• [Exercise instructions] Images excepted, the data below must be repeated exactly.

• [Dataset entries]
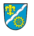„In Blau ein nach links gerichteter silberner Wellenschrägbalken, oben eine goldene heraldische Lilie, unten ein goldenes Mühlrad.“ Angenommen durch Entschließung der Regierung von Schwaben am 28. März 1977.
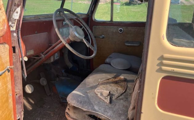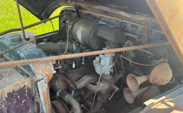 Depending what’s underneath, this could be a fun one to redo, although all indications are that it’s 2WD only. The 3 speed on the column would be entirely entertaining in and of itself, and coupled with the 4 pistons singing lazily along it be a fun one to hang your Desert Water Bag in front of the radiator for a ride on an old 2 lane for a weekend outing.
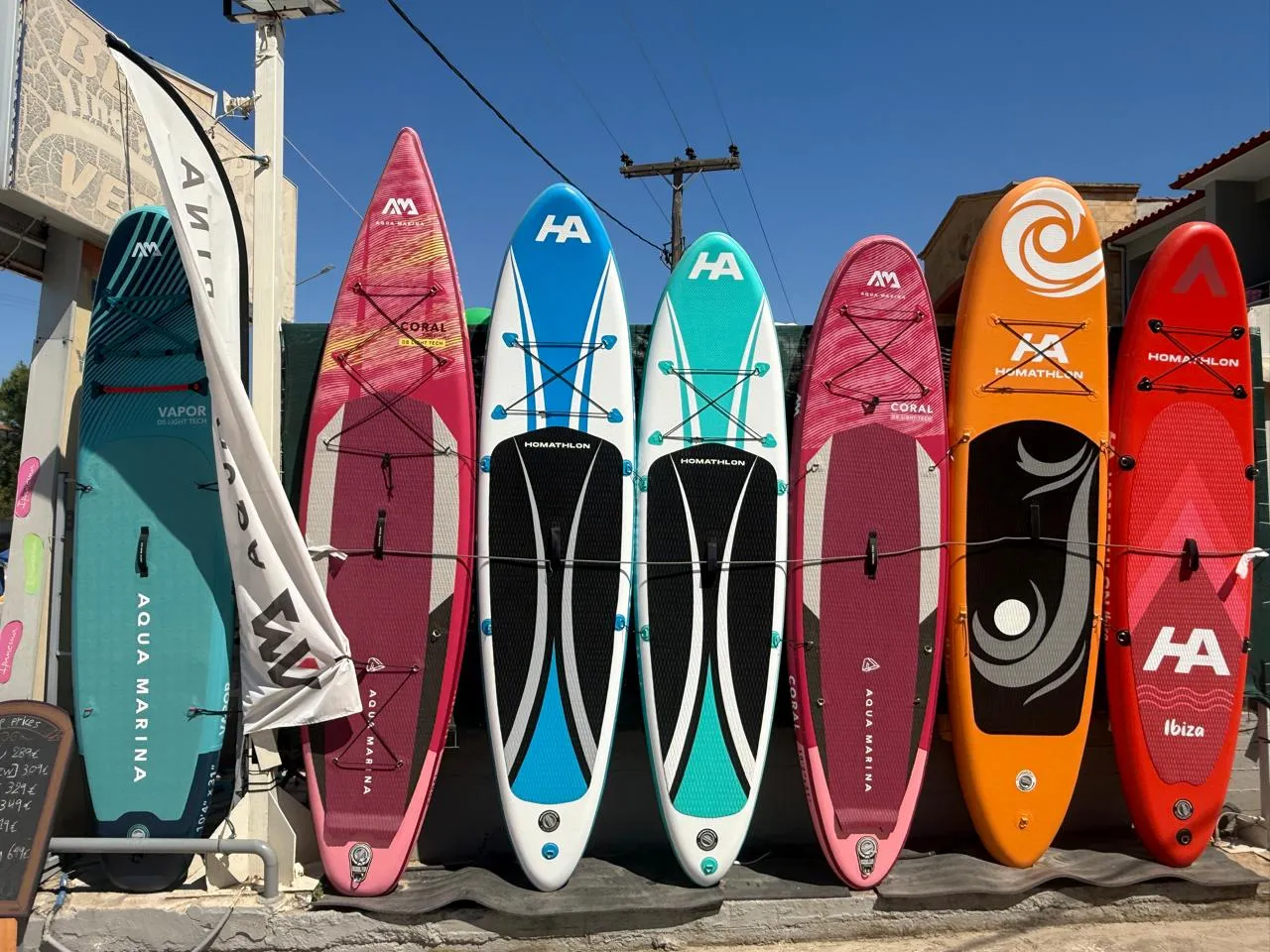 În plus, suntem singurul magazin din Halkidiki care oferă SUP (Stand Up Paddle) cu o gamă largă de modele și tot echipamentul necesar. Lucrăm cu cele mai distinse companii, cum ar fi Aqua Marina și Homethlon, asigurând cele mai mici prețuri de pe piața greacă.
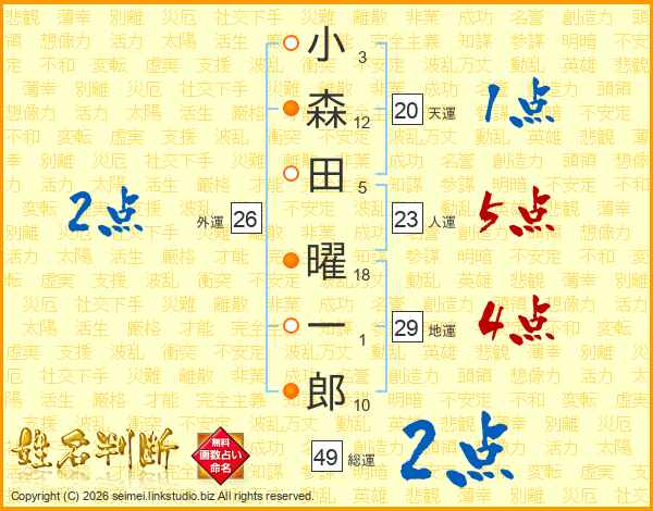小(3画)森(12画)田(5画) 曜(18画)一(1画)郎(10画)
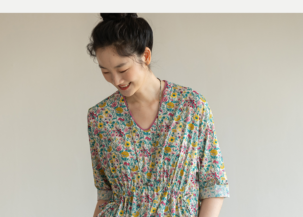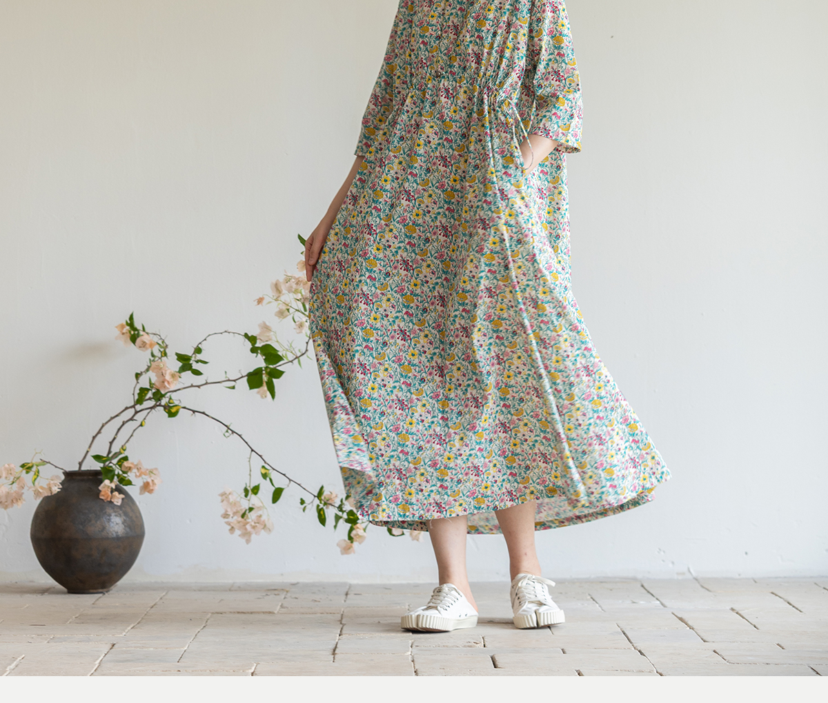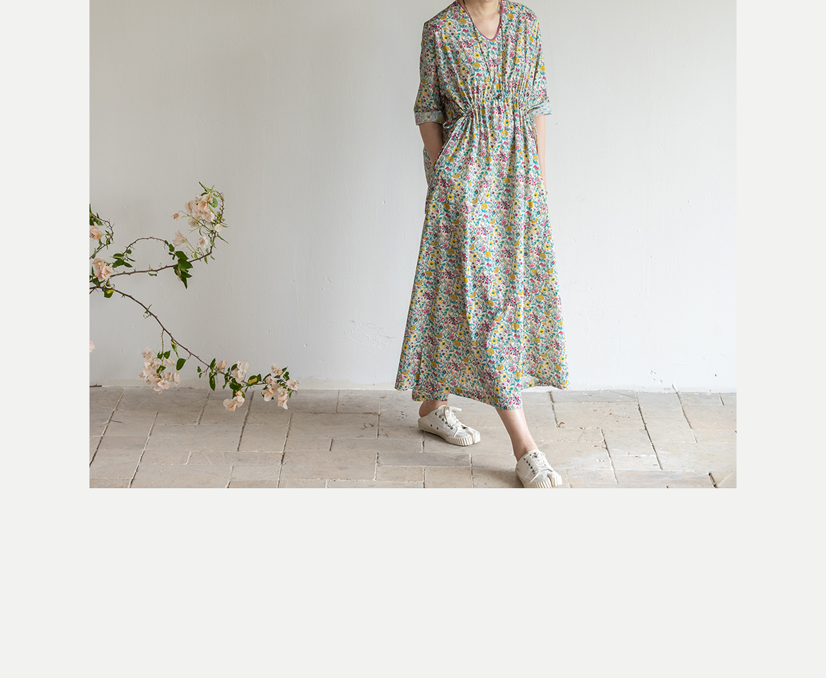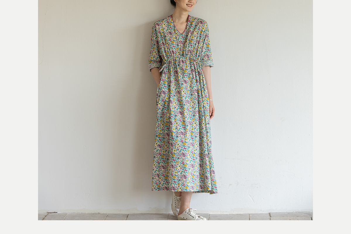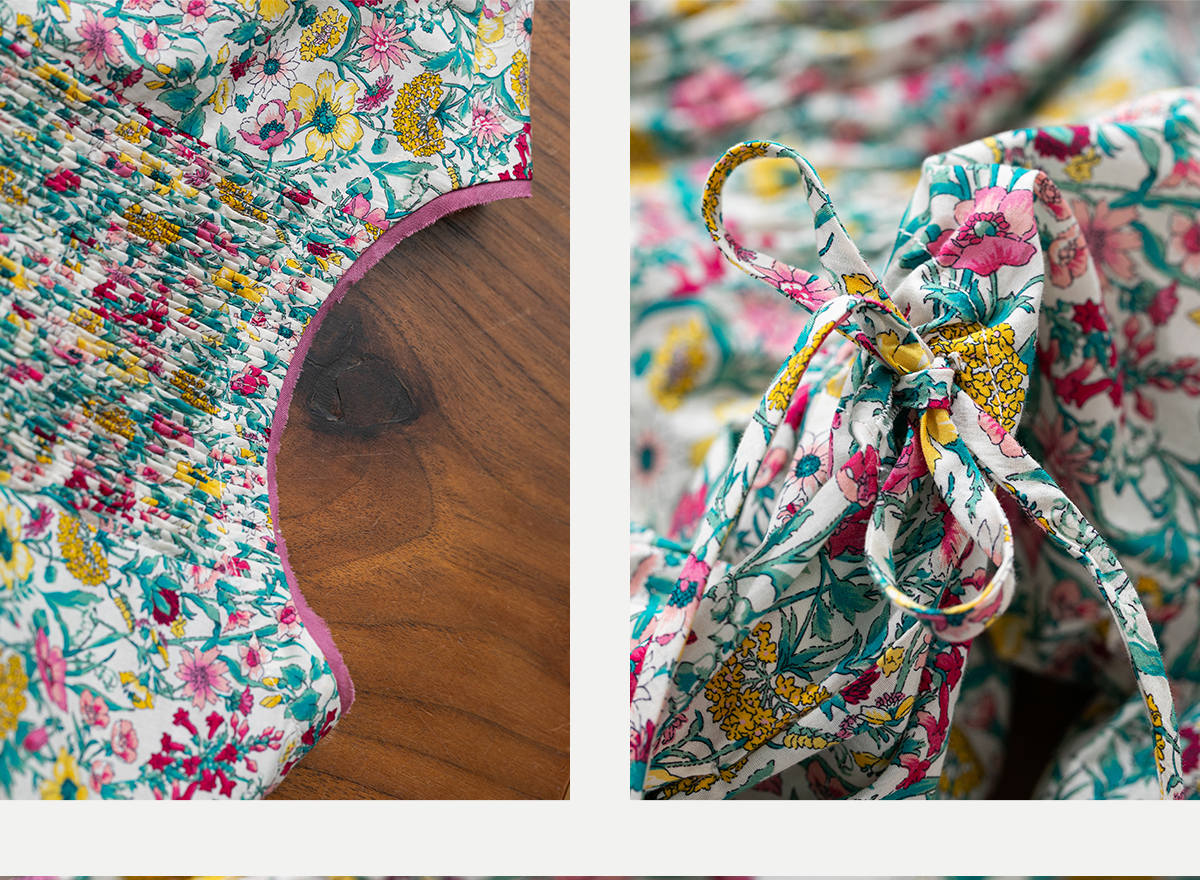牧衣游原创 小碎花纯棉连衣裙夏日轻薄设计感文艺气质碎花裙 竹青
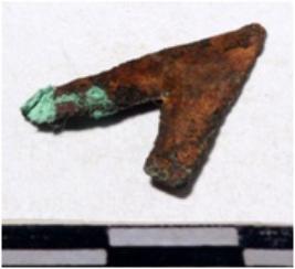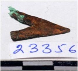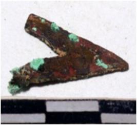 | Description / विवरण | A fragment of a copper arrow head triangular in shape pointed on one end of rough surface. |
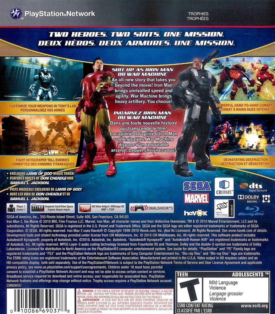 Play as Iron Man or, for the first time ever, War Machine in this brand-new story which thrusts you deep into the Iron Man comic world adding to the excitement of the upcoming Iron Man 2 movie. Battle epic enemies, like the classic Iron Man villain Crimson Dynamo, only featured in the game, and an incredible final boss of truly staggering, skyscraping scale. In the end, the fate of the world will be left in Iron Man and War Machines powerful hands and they must battle to save it from destruction.
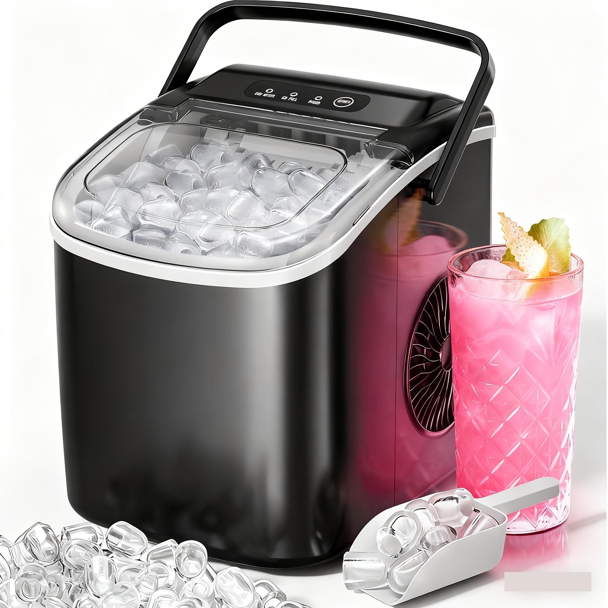 Bullet Ice Makers Countertop with Ice Scoop & Basket, Ready In 6 Mins, Self-Cleaning Ice, Portable Machine for Home, Office, Kitchen
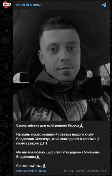 "Сумна звістка для всієї родини "Вереса". На жаль, помер колишній гравець нашого клубу Владислав Семенчук, який перебував у реанімації після важкої ДТП. Ми висловлюємо щирі співчуття рідним і близьким Владислава", — йдеться в повідомленні футбольної команди.
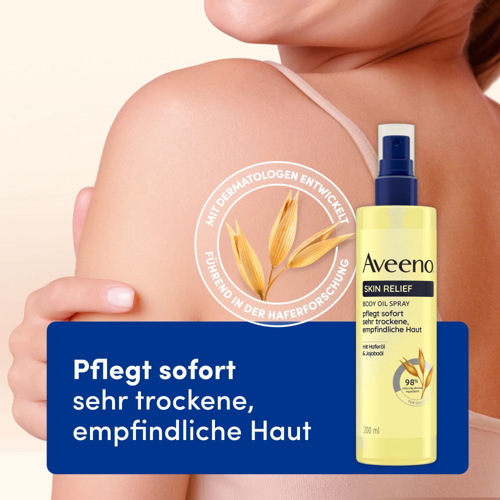 - Das Skin Relief Körperöl-Spray von Aveeno® versorgt selbst sehr trockene, empfindliche Haut mit intensiver & langanhaltender Feuchtigkeit und pflegt die Haut nachhaltig.
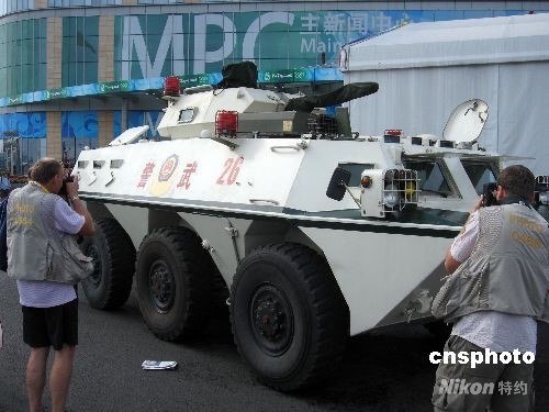 8月12日,一輛停在北京奧運會主新聞中心的前的武裝巡邏車引起了許多媒體的注意。中新社發(fā) 杜洋 攝

• [Reply]
„In Blau ein nach links gerichteter silberner Wellenschrägbalken, oben eine goldene heraldische Lilie, unten ein goldenes Mühlrad.“ Angenommen durch Entschließung der Regierung von Schwaben am 28. März 1977.
 Depending what’s underneath, this could be a fun one to redo, although all indications are that it’s 2WD only. The 3 speed on the column would be entirely entertaining in and of itself, and coupled with the 4 pistons singing lazily along it be a fun one to hang your Desert Water Bag in front of the radiator for a ride on an old 2 lane for a weekend outing.
 În plus, suntem singurul magazin din Halkidiki care oferă SUP (Stand Up Paddle) cu o gamă largă de modele și tot echipamentul necesar. Lucrăm cu cele mai distinse companii, cum ar fi Aqua Marina și Homethlon, asigurând cele mai mici prețuri de pe piața greacă.
小(3画)森(12画)田(5画) 曜(18画)一(1画)郎(10画)
牧衣游原创 小碎花纯棉连衣裙夏日轻薄设计感文艺气质碎花裙 竹青
 | Description / विवरण | A fragment of a copper arrow head triangular in shape pointed on one end of rough surface. |
 Play as Iron Man or, for the first time ever, War Machine in this brand-new story which thrusts you deep into the Iron Man comic world adding to the excitement of the upcoming Iron Man 2 movie. Battle epic enemies, like the classic Iron Man villain Crimson Dynamo, only featured in the game, and an incredible final boss of truly staggering, skyscraping scale. In the end, the fate of the world will be left in Iron Man and War Machines powerful hands and they must battle to save it from destruction.
 Bullet Ice Makers Countertop with Ice Scoop & Basket, Ready In 6 Mins, Self-Cleaning Ice, Portable Machine for Home, Office, Kitchen
 "Сумна звістка для всієї родини "Вереса". На жаль, помер колишній гравець нашого клубу Владислав Семенчук, який перебував у реанімації після важкої ДТП. Ми висловлюємо щирі співчуття рідним і близьким Владислава", — йдеться в повідомленні футбольної команди.
 - Das Skin Relief Körperöl-Spray von Aveeno® versorgt selbst sehr trockene, empfindliche Haut mit intensiver & langanhaltender Feuchtigkeit und pflegt die Haut nachhaltig.
 8月12日,一輛停在北京奧運會主新聞中心的前的武裝巡邏車引起了許多媒體的注意。中新社發(fā) 杜洋 攝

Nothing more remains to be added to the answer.